Vaughan's winning, clumsy comic fantasy has been subjected to more than a few Princess Bride comparisons, but it's the two films' key dissimilarity that's most interesting: Princess Bride allows its fantastical adventure to flourish in the background of its wit and whimsy, while Stardust unwisely puts these elements at odds with each other, trading in tonal focus for a strained grandiosity (one hopes Vaughan was at least offered a bulk discount on sweeping aerial shots) that leaves it on an awkward fence between the genres. it's a pity, too, because Stardust is an otherwise charming piece of late-summer escapism, stocked with a game cast and a refreshingly fun, ribald attitude that raises it well above any of its peers in the post-Frodo/Aslan cash-in frenzy, even if one is left with the distinct impression that Neil Gaiman's source novel is probably that much more entertaining.
one of the most immediately apparent qualities of Herzog's Vietnam-era POW drama is a relative technical crudity, particularly compared with the stylistically slick (albeit usually "gritty") war films we're accustomed to; it's pieced together without much regard for useful conventions of story and pacing, and only occasionally takes the time to drink in the imposing splendor of the Laotian jungles that so thanklessly serve as its backdrop. but this indifference to expectations is symptomatic of what ends up being the film's greatest strength: downed American pilot Deiter Dengler's harrowing journey into and out of a makeshift prisoner camp is lent an astonishing dimension of truth (as it deserves, being a true story) by Herzog's dismissive attitude towards affected Hollywood scriptcraft.
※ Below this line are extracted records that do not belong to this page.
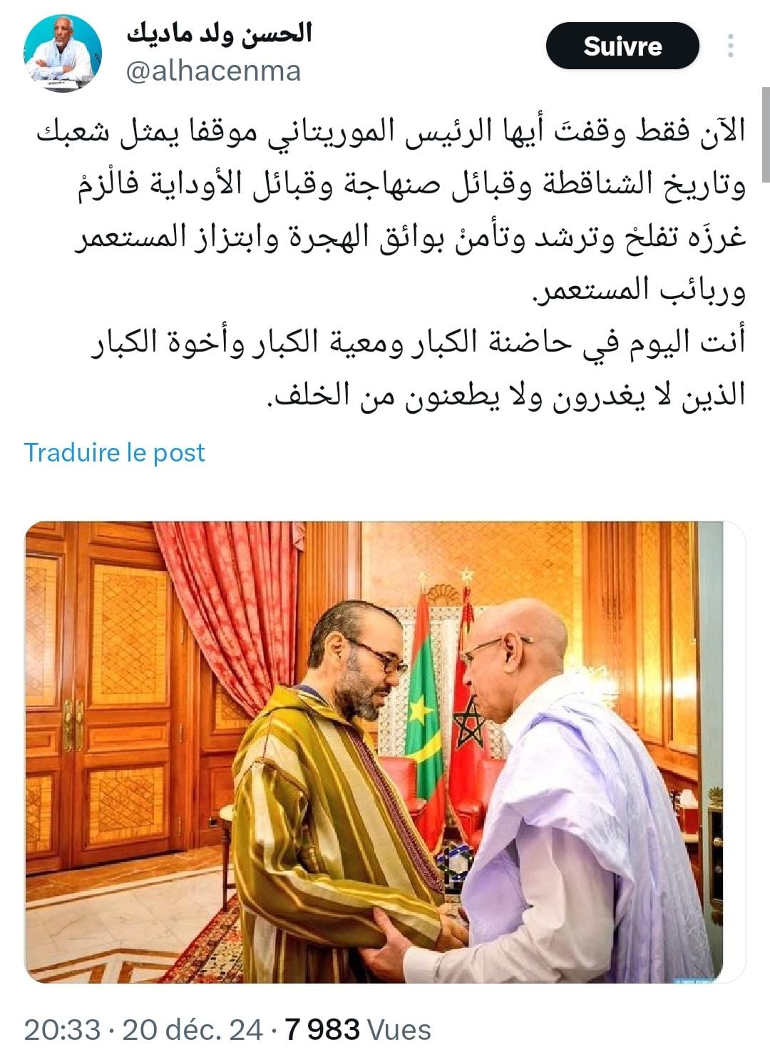 كلام جميل وفي الصميم ونتمنى للشعبين النصر والازدهار فرصة ذهبية بيد الاخوة الموريتانيين للنهوض بالعلاقة المغربية والموريتانية الى الافضل لماهر في صالح الشعبين الشقيقين المغرب بجانبكم ومعكم ويمكن الاعتماد عليه في السراء و الضراء
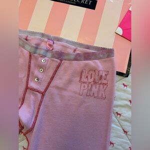 ❤️BOTTOMS ARE A SIZE MEDIUM! HOODED THERMAL TOP IS A SIZE LARGE! Please see measurements! RELEASED IN 2006! Thermal hoodie has the big “CHILL OUT” logo across the back! Front has the “LOVE PINK” logo. Matching thermal leggings have the same “CHILL OUT” logo across the back and on the front. Top is in excellent condition! Bottoms are in good preowned condition. The band does have some dye transfer stains on it. But besides that they are in good condition with average wear for their age! This set is extremely rare and hard to come by! And a collectors dream!
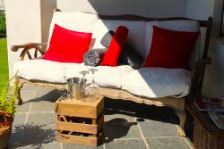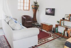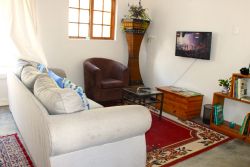 Our self catering unit, called Bear Hug, has an open plan kitchen with dining and lounge areas, as well as its own private patio overlooking the lush garden. The en-suite bedroom has a double bed, while the large loft en-suite bedroom boasts capacity for 5 single beds. The kitchen is fully equipped with gas stove, fridge, cutlery, crockery, pots and pans.

Dengler's fiancée, for instance, is mentioned in a brief anecdote, but we aren't subjected to mooshy bookends; Dengler recounts his childhood inspiration to be an aviator, but we aren't whisked away to flashback; Dengler is betrayed, and the betrayer walks away from the narrative's grasp, or concern. instead, there are only scenes, however disjointed, from the barefooted jungle travails of a mild man unwavering in his intent to emerge a survivor, and even if Herzog never hits at the heart of Dengler's character, his journey is uniquely credible enough to make us reflect on our own.
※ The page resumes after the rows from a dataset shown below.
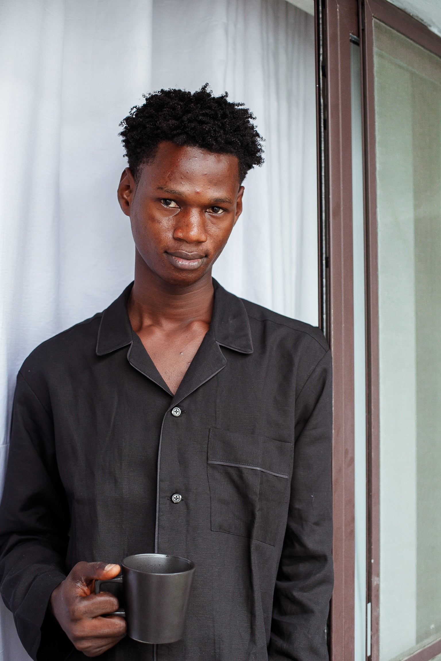 The silhouette is relaxed yet intentional, moving effortlessly between sleepwear and elevated loungewear. Cut with clean lines and a tailored drape, the set offers a composed presence at home whether greeting the morning with a warm cup or unwinding at day’s end.
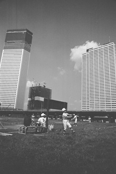 高度経済成長期を迎え発展を続ける東京には企業が集中し、就業人口も増加を続けていきました。そして過密する都心の機能を分散すべく、新宿など新たな副都心の開発が進められました。新宿には、1970年代より超高層ビルが次々と建設され、1990年(平成2)には現在の東京都庁舎が竣工し、首都機能の一翼を担うようになります。また、1980~90年代には臨海副都心の開発も行われました。本章では、高度経済成長期から現代に至るまでの東京の主な都市整備と景観の変化を、映像や空撮写真から見ていきます。
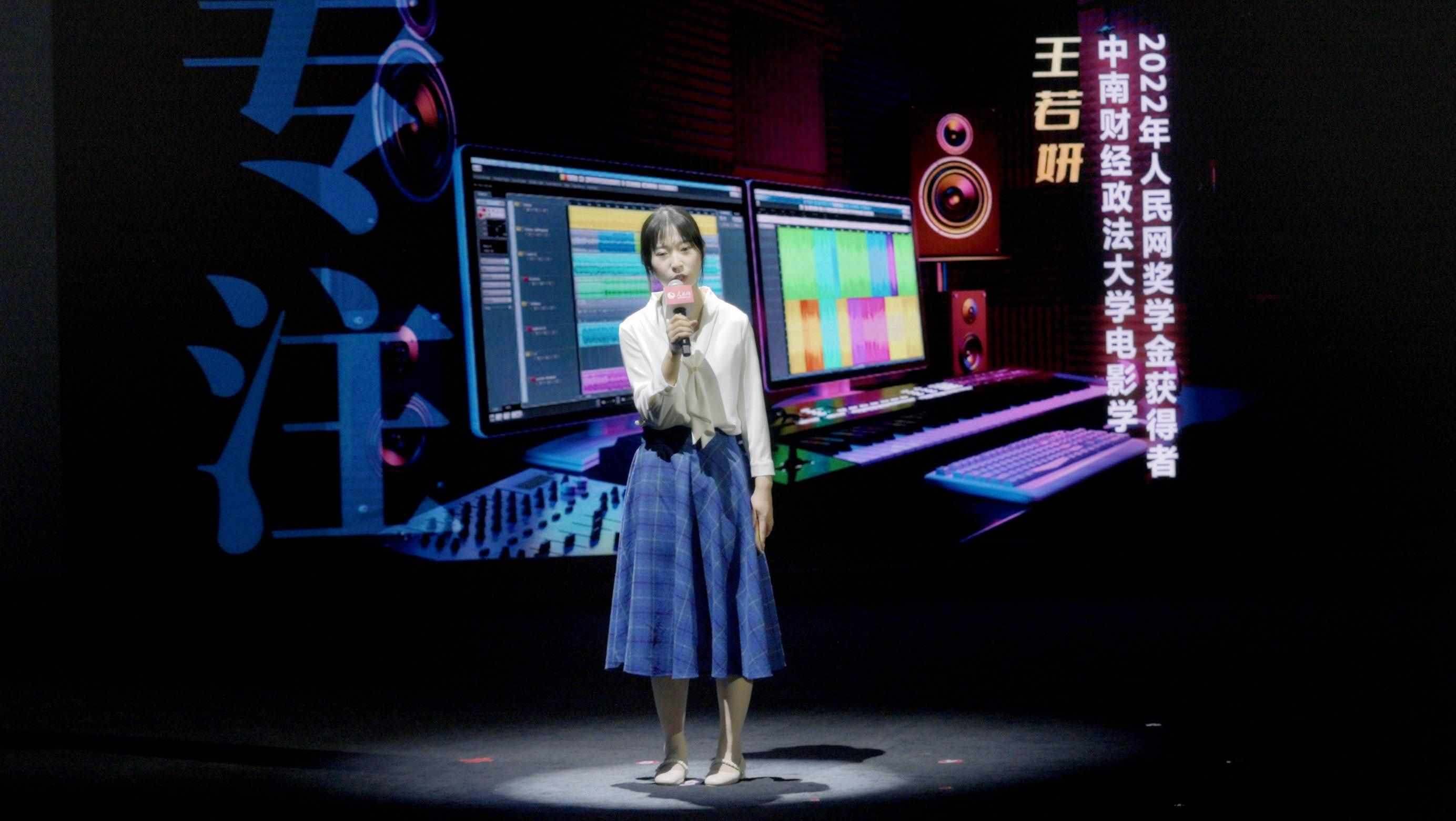 2022年人民網(wǎng)獎(jiǎng)學(xué)金獲得者、中南財(cái)經(jīng)政法大學(xué)電影學(xué)專業(yè)學(xué)生王若妍分享自己的故事。實(shí)習(xí)生韓華良 攝

having never seen it before this weekend's presentation at the Tennessee Theatre (i had been holding out for the big screen), Lawrence Of Arabia was an interesting surprise to me. i'd expected an epic, and an epic it certainly is, the sort that Hollywood has forgotten how to make - it's not just the size of the canvas but also the level of detail you place on it, and Lawrence draws fine, patient lines where today's outsize spectacles throw broad, lazy strokes. yet it's not these lines that really matter in the film, but what's between them: a careful (though occasionally oblique, and frustrating) character study well-merited by a figure of such mystique. it would have been enough for the film to wrestle with itself over whether T.E. Lawrence (played with a distinct otherworldliness by Peter O'Toole) is a noble warrior or a patronizing, narcissistic creature of dangerous folly, but Lean and screenwriter Robert Bolt smartly pester the audience with a further question only they can answer: does it matter that he's both?
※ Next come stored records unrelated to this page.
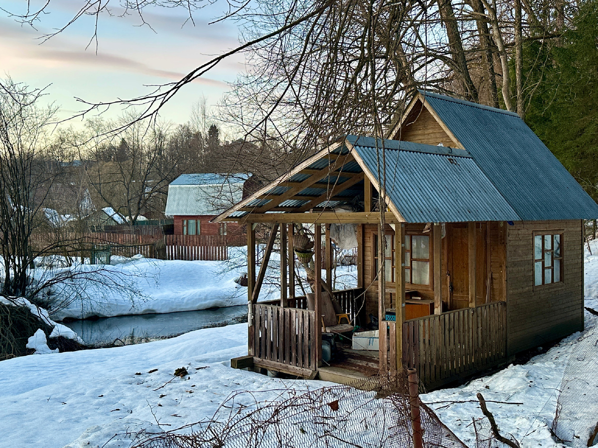 Многие домики выглядят заброшенными. Окна заколочены, крыши местами просели. Но участки при этом не заросли. Земля явно обрабатывается, где-то сквозь снег проявляются аккуратные грядки, дорожки не заросли бурьяном. Кто-то приходит сюда, копается в земле, ухаживает — но делает это в какое-то другое время, когда нас здесь нет.
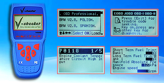 V-Checker V500 — это универсальный портативный автосканер, который позволяет считывать и удалять коды неполадок из блоков автомобилей. Кроме того, вы можете просматривать данные о состоянии систем автомобиля в режиме реального времени. Небольшой размер, надежность и низкая цена, простота применения – вот главные «козыри» сканера V-Checker V500.
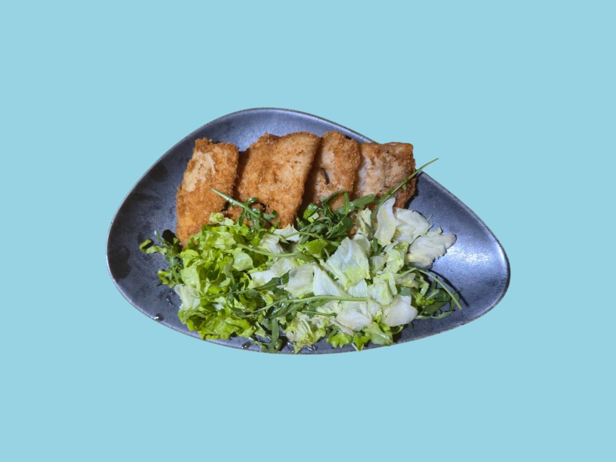 Бяла риба с пармезанова коричка и микс зелени салатки
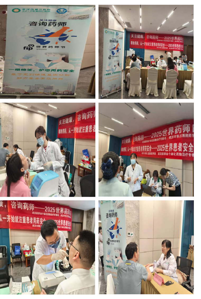 武汉市第三医院药学部联合武汉药学会个体化药物治疗专委会组织临床药师团队于2025年9月19日上午在紫阳湖宾馆开展了以“精准用药,从一开始就注重患者用药安全”为主题的特色义诊活动。临床药师现场为80余人进行了酒精、氯吡格雷、阿司匹林、高血压用药相关的基因检测,并对报告进行解读。本次活动以临床药师主导+快速基因技术支持的组合创新模式,形象化揭示基因差异对酒精、药物代谢的差异性,显著提升了公众对于个体化用药的认知,使科学健康的用药理念深入人心,有效建立起风险预防的第一道关卡。
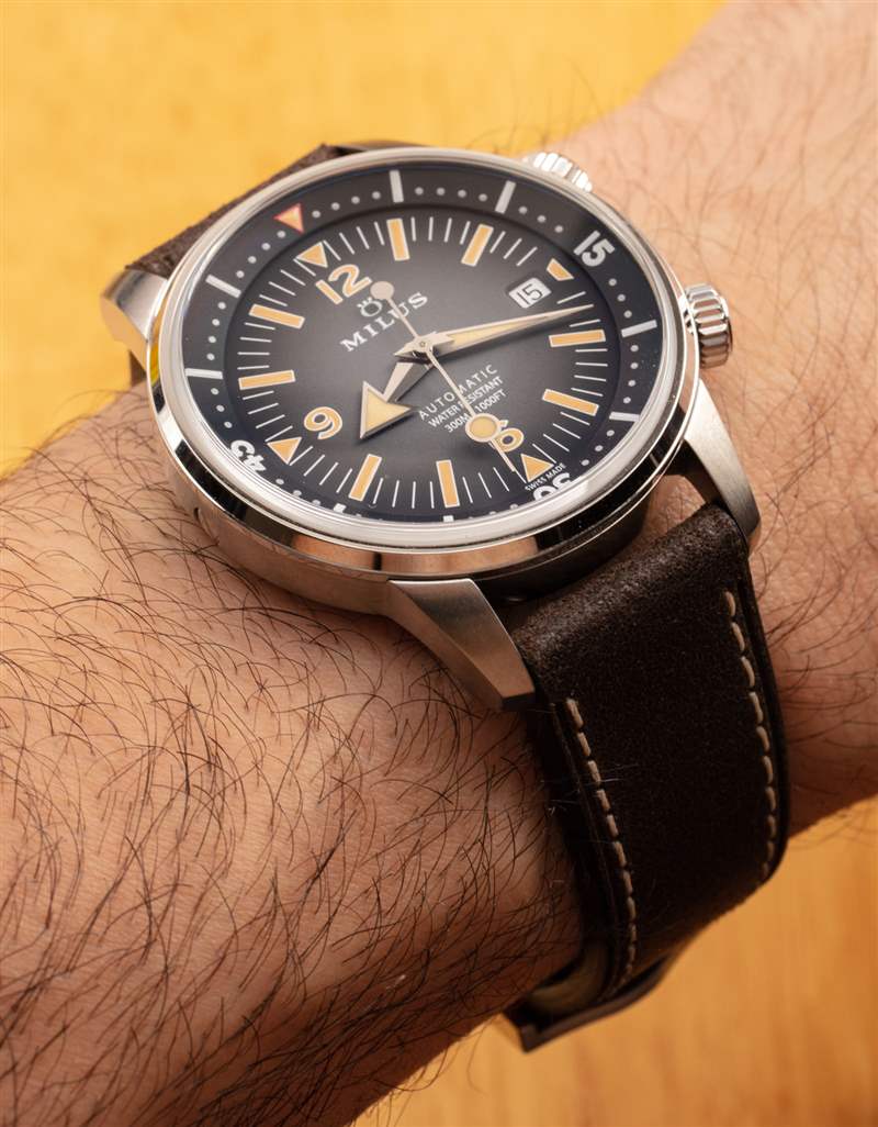 現(xiàn)代Milus最具運動感的手表是阿基米德系列。以著名的希臘發(fā)明家和數(shù)學家(大約公元前 200 年)命名,阿基米德是一款潛水表,可以追溯到 1970 年代同樣由瑞士 Milus 品牌生產(chǎn)的“超級壓縮機”時計。Milus 格外小心地將阿基米德定位為“紳士的潛水員”,這意味著雖然它可以很容易地用于游泳和休閑潛水任務,但這款手表主要是為日常佩戴和社交場合而設計的。沒有錯。

Greengrass is at this point responsible for two of the decade’s finest, most affecting films in Bloody Sunday and United 93, so it seems a little strange that he’s also behind a pair of its most breathless, rollicking action flicks, but it’s the gravity and apparent lack of polish that make The Bourne Supremacy and The Bourne Identity such essential, encouraging mainstream fare. in Ultimatum an impeccably beefy Matt Damon (nearly unrecognizable next to the bucktoothed smile in a few carefully recycled flashbacks) continues his reign of terror upon the people who so tragically made him into such a badass, and Greengrass once again drags the audience by the gut through a minefield of dense conspiracy and virtually nonstop action setpieces, his camera shimmying and shaking all the while in a verité whirlwind of combat best observed during a hand-to-hand fight to the death during which neither the musical score nor the audience dare make a sound. earlier this summer Live Free Or Die Hard scored points by looking amiably back at the whiz-bang of 90s action, but it’s nice to know that the Bourne films continue to grow in popularity by keeping their eyes fixed firmly forward.